# [Task to carry out]
Scan the entries below. List each line with "Advent".

++++ Extracted information ++++

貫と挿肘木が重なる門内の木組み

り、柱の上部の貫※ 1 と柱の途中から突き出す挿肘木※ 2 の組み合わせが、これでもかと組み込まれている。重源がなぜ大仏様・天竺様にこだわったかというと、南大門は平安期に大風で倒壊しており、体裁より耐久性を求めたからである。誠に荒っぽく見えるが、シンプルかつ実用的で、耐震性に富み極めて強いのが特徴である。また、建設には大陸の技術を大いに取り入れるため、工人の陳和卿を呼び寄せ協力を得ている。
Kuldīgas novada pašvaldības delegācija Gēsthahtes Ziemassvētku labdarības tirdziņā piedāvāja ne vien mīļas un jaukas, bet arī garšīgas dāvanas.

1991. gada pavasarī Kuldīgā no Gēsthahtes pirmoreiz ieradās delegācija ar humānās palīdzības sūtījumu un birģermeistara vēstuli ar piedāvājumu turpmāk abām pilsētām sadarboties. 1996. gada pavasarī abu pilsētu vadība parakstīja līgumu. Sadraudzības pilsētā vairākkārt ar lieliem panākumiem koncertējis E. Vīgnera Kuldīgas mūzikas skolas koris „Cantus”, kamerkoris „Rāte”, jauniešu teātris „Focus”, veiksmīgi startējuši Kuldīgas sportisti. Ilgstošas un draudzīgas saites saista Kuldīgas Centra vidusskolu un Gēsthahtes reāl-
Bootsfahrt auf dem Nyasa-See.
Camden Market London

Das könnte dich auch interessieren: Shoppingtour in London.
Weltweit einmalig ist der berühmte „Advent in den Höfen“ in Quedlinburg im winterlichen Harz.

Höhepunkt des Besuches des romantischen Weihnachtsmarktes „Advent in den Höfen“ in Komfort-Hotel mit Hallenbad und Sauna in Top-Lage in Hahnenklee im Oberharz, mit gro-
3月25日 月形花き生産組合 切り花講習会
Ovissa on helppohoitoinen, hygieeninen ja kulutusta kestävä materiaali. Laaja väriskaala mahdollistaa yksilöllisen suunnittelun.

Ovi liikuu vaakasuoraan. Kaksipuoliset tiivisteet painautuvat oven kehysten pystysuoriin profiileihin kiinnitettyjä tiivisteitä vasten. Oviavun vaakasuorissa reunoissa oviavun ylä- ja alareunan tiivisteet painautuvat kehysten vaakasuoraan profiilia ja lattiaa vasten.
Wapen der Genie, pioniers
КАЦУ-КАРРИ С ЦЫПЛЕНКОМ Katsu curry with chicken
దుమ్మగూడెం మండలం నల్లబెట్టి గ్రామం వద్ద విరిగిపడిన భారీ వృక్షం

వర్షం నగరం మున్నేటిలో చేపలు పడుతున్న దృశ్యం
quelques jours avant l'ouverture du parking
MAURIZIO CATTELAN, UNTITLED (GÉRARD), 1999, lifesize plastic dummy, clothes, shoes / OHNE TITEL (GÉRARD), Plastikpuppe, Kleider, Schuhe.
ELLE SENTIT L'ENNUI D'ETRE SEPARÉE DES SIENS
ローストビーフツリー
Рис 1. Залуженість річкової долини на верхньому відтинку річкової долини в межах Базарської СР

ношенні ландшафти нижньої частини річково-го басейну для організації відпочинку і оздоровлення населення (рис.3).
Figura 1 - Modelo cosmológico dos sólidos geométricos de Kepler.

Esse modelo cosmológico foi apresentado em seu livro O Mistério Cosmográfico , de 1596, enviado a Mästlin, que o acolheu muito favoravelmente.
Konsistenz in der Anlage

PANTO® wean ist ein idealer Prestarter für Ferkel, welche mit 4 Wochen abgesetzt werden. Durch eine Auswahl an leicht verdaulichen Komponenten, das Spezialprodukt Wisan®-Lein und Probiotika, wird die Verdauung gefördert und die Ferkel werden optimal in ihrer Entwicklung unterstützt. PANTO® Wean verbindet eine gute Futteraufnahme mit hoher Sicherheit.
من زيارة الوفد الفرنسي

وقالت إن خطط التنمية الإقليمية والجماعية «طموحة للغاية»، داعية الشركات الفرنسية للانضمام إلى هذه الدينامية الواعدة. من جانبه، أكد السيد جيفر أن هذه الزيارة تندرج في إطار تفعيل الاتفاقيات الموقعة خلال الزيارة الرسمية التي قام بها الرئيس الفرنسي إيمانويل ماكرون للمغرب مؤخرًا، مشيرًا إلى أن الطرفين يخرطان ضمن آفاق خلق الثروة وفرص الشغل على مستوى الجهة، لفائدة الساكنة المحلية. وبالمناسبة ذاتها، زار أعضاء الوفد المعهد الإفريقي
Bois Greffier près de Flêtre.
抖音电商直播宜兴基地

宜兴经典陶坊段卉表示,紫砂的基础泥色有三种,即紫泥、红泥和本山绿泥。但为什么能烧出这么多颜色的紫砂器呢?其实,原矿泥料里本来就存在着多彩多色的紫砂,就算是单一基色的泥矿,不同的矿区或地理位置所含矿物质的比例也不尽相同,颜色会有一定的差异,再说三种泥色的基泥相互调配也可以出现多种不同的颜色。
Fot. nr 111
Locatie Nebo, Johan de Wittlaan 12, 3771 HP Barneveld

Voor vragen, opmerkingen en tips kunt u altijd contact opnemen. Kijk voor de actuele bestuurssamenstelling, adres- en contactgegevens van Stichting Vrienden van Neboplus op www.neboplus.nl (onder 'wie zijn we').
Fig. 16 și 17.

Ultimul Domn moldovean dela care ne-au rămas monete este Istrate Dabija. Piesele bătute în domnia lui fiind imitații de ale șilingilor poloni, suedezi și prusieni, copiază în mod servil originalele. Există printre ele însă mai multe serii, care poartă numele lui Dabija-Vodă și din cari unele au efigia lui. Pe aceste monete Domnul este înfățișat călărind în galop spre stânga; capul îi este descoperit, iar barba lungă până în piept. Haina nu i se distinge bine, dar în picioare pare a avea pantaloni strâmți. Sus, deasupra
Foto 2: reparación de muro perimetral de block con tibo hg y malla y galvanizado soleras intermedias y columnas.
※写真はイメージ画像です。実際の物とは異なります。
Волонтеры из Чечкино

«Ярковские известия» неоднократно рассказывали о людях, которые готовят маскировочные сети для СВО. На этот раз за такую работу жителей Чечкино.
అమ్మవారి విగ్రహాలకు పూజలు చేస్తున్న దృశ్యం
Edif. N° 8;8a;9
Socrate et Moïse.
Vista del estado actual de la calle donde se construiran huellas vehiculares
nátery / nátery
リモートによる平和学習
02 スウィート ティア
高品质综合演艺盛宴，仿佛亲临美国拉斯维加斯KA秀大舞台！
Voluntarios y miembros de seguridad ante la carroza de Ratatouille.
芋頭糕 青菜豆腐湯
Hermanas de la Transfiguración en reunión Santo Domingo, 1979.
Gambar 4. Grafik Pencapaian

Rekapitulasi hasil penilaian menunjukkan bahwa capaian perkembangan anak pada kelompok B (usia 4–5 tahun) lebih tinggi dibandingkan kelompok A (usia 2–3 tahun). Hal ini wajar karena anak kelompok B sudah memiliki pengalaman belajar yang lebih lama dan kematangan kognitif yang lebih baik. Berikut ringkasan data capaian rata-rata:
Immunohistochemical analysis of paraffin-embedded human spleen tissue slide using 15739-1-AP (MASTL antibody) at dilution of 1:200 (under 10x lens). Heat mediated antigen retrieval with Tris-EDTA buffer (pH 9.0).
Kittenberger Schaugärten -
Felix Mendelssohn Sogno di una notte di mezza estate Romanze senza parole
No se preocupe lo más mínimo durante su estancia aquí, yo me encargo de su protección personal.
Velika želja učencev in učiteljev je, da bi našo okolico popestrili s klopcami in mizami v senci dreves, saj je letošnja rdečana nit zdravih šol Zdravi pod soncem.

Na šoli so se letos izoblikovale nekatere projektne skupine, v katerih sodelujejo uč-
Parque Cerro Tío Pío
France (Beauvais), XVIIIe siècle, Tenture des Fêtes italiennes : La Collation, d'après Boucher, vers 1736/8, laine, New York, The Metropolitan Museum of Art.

++++

# [Reply]
Weltweit einmalig ist der berühmte „Advent in den Höfen“ in Quedlinburg im winterlichen Harz.
Höhepunkt des Besuches des romantischen Weihnachtsmarktes „Advent in den Höfen“ in Komfort-Hotel mit Hallenbad und Sauna in Top-Lage in Hahnenklee im Oberharz, mit gro-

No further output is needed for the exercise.